In this paper we theoretically investigate how the squeezing-chaotic mixed two-mode optical field described by the density operator

$$\rho_{0}=\sec h^{2}\lambda \sec h^{2}\tau e^{a^{\dagger }b^{\dagger }\tanh \lambda }\left( \sec h^{2}\lambda \tanh^{2}\tau \right)^{a^{\dagger }a}\left\vert 0\right\rangle_{bb}\left\langle 0\right\vert e^{ab\tanh \lambda } $$
undergoes in a b-mode diffusion channel with the diffusion corfficient κ. We find that in the output state the initial b-mode vacuum |0〉bb 〈0| has evolved into the chaotic state \(\frac {1}{\kappa t + 1}e^{b^{\dagger }b\ln \frac {\kappa t}{ \kappa t + 1}},\) while the squeezing term, \(e^{a^{\dagger }b^{\dagger }\tanh \lambda }\) \(\rightarrow e^{a^{\dagger }b^{\dagger }\frac {\tanh \lambda }{ 1+\kappa t}}\), has been weakened.
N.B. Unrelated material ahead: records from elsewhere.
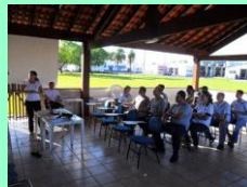
1º Dia: Noções sobre as legislações trabalhistas e previdenciárias relativas à segurança e saúde no trabalho; Organização da CIPA e atribuições de seus componentes.
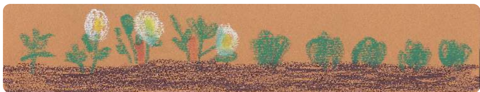
Silence ça pousse...

Ralentissez en passant devant l'école. Vous les verrez.
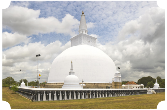
รวันเวฬุและเจดีย์ เมืองเก่าอนุราชปุระ

อันว่าเนื้อความแห่งฉฉกสูตรนั้น พระพุทธองค์ทรงแสดงที่เขตวันมหาวิหาร
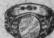
Núm. 6.—10 gramos Ptas. 37,50
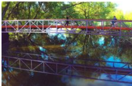
To jest wizualizacja nowej kładki

Trwają prace przygotowawcze, związane z planowaną rewitalizacją i przywróceniem dawnej świetności infrastruktury znajdującej się nad rzeką Obrą. Jako pierwszą inwestycję w latach 2012-2013 planuje się zrealizować prace związane z
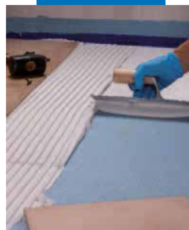
Укладка плитки поверх Mapelastic AquaDefense

Значения адгезии согласно EN 14891 измеренные с применением Mapelastic AquaDefense и цементного клея типа C2 согласно EN 12004.
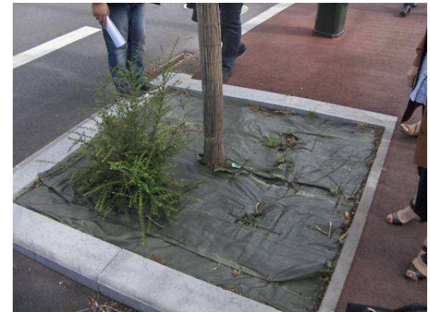
Fosses d'arbres – Rue Bernardin
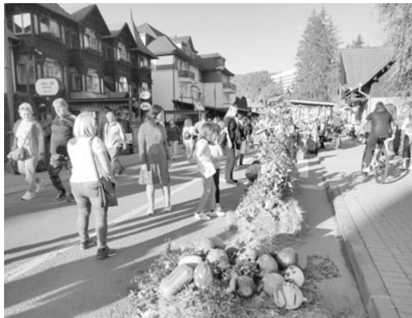
Három napon át látványos alkotásokkal, számos programmal várják a fürdőtelepre látogatókat

Szombaton délelőtt közösségi futást szerveznek, majd a tűzoltóautók vonulnak fel a fürdőtelepre, és retró autókat lehet szemügyre venni a buszállomáson. Délután a szováti Kangoo Jumps csapatával lehet megmozdulni az amfiteátrumban, majd Benkő Orsolya és Jeremiás Gellért szóra-
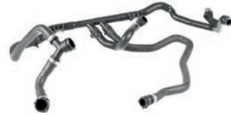
MANGUEIRA COM TUBO DO AQUECEDOR

X1 2.0 L 16V DOHC L4 GAS/FLEX 12/18 320I 2.0 L 16V DOHC L4 GAS/FLEX 06/18
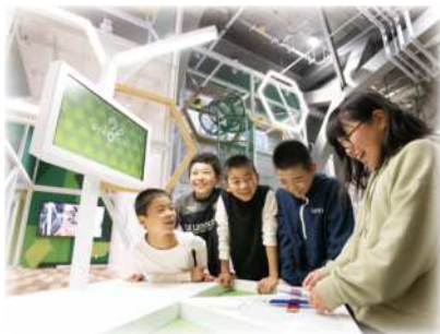
「はてなコンテナ」では楽しい実験を体験できます

と思いますが、科学館に来たことをきっかけに、科学は難しいものではなくて、身の回りにあふれているということに気づいてもらい、興味をもってもらえると思います。楽しいと感じてもらえるような展示や実験ショーを今後も行っていきたいと思っています。夏休みに向けてイベントなども企画していますので、ぜひ遊びにきてください。
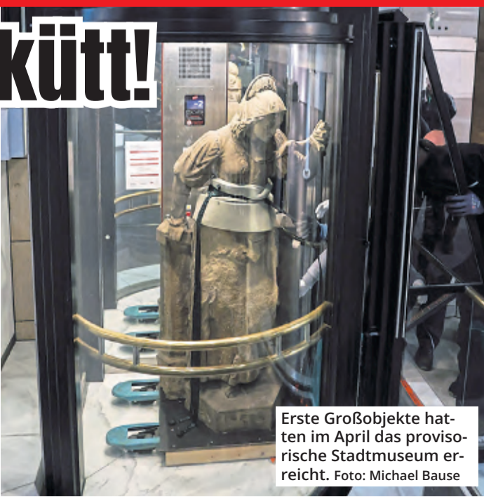
Erste Großobjekte hatten im April das provisorische Stadtmuseum erreicht.

Measuring b-mode of this new output state leads to a chaotic field with an ascending temperature during the diffusion process, this coincides with the b-mode photon number increasing. We also show that measuring observable in a-mode is not affected by the diffusion in b-mode.


Squeezing-chaotic mixed two-mode optical field Temperature variance Photon number Diffusion channel 



This work is supported by the National Natural Science Foundation of China (Grant Nos.11574295 and 11447202), the Natural Science Foundation of the Jiangsu Higher Education Institutions of China (Grant No.16KJB140001), the key project of Natural Science Foundation of the Changzhou Institute of Technology of China (Grant No.YN1630).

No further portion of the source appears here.